Left for Dead Read online

Page 10


  I hardly recall my father. He had suffered radiation exposure at Oak Ridge, and would die a lingering death in 1951. Mother, then forty-one, had me to support, along with my two older brothers: Howard, who was born in 1941, and Wayne, who came along in 1944. She continued working as a librarian, taught classes and attended night school at Emory, where she received her master’s degree. There was zero money in the house, but I didn’t once hear her complain.

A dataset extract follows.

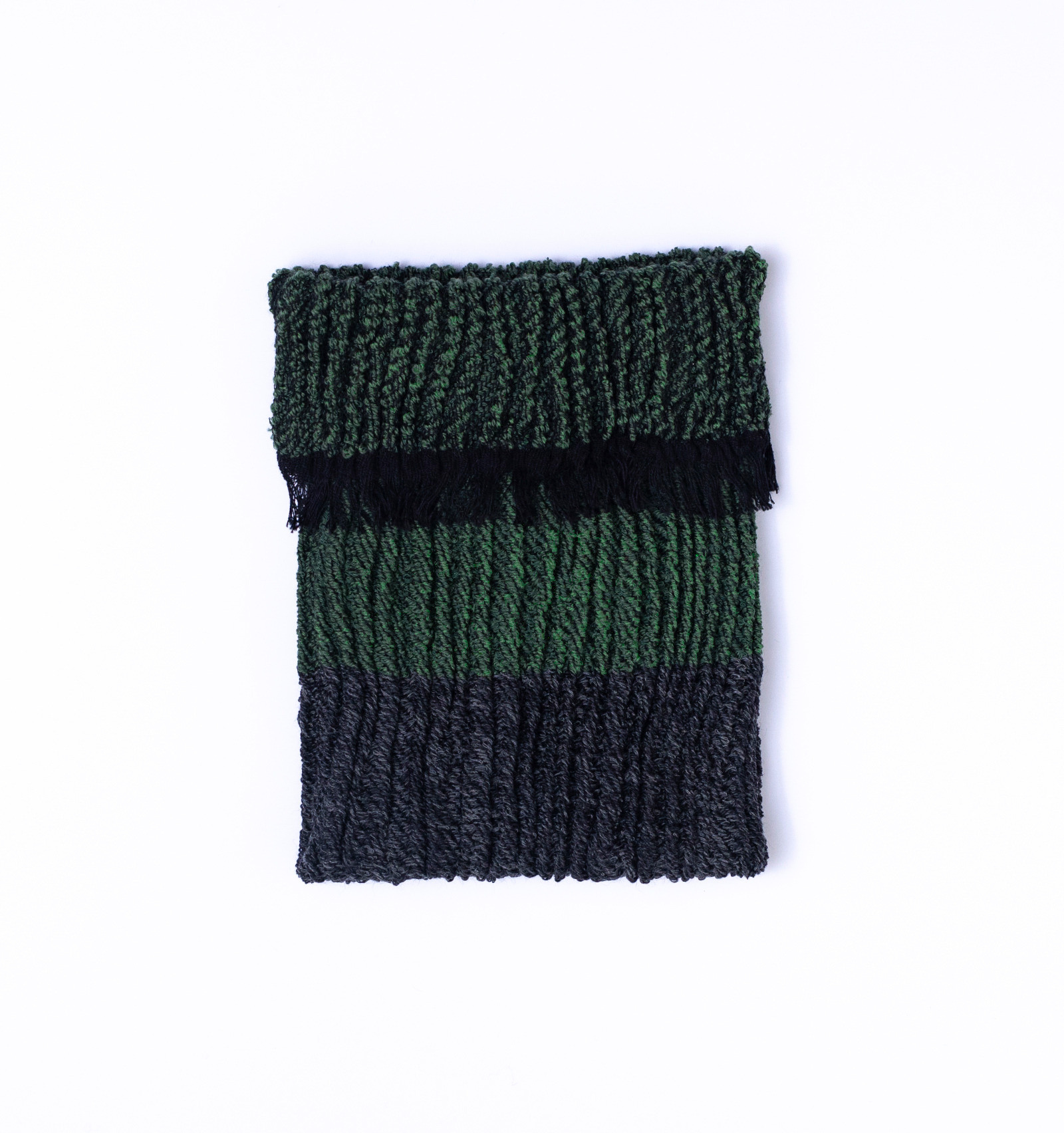 綿55%・ウール45%を綾織りで仕立てた、筒状の無縫製織物。片側で色が切り替わるため、折り返してリバーシブルに使えます。

  Ever practical, she suggested that my recently widowed Grandmother Olson come to live with us. Alice Olson would tell me on repeated occasions that when her husband, Carl, died, she had no will to go on living. Coming to help out her daughter-in-law, however, had given Alice a second life, a reason to go on. Still, hardly a day passed until her death in 1980 when she didn’t say, “I sure miss that old Swede of mine.”

  Mother saw her role as our provider. She worked extremely hard and was always gone. She figured that as long as she provided for us, she was doing what was necessary. To this day, she’ll say she did it “for you children.”

  Beck is not unlike my mother in that way. Both are models of practical self-sufficiency.

  She certainly would hug me and tell me that she loved me. But the person who brushed and braided my hair in the morning, and made sure I finished my oatmeal, was my grandmother.

  Alice and I slept together in the same room, with me on the rollaway bed, for as long as I can remember. During the day, she kept herself active doing everything from organizing postcards to looking at picture books with me. She did whatever she could without stepping on my mother’s toes. She always deferred to Edna—probably the only way these two strong-willed women were going to get along under the same roof.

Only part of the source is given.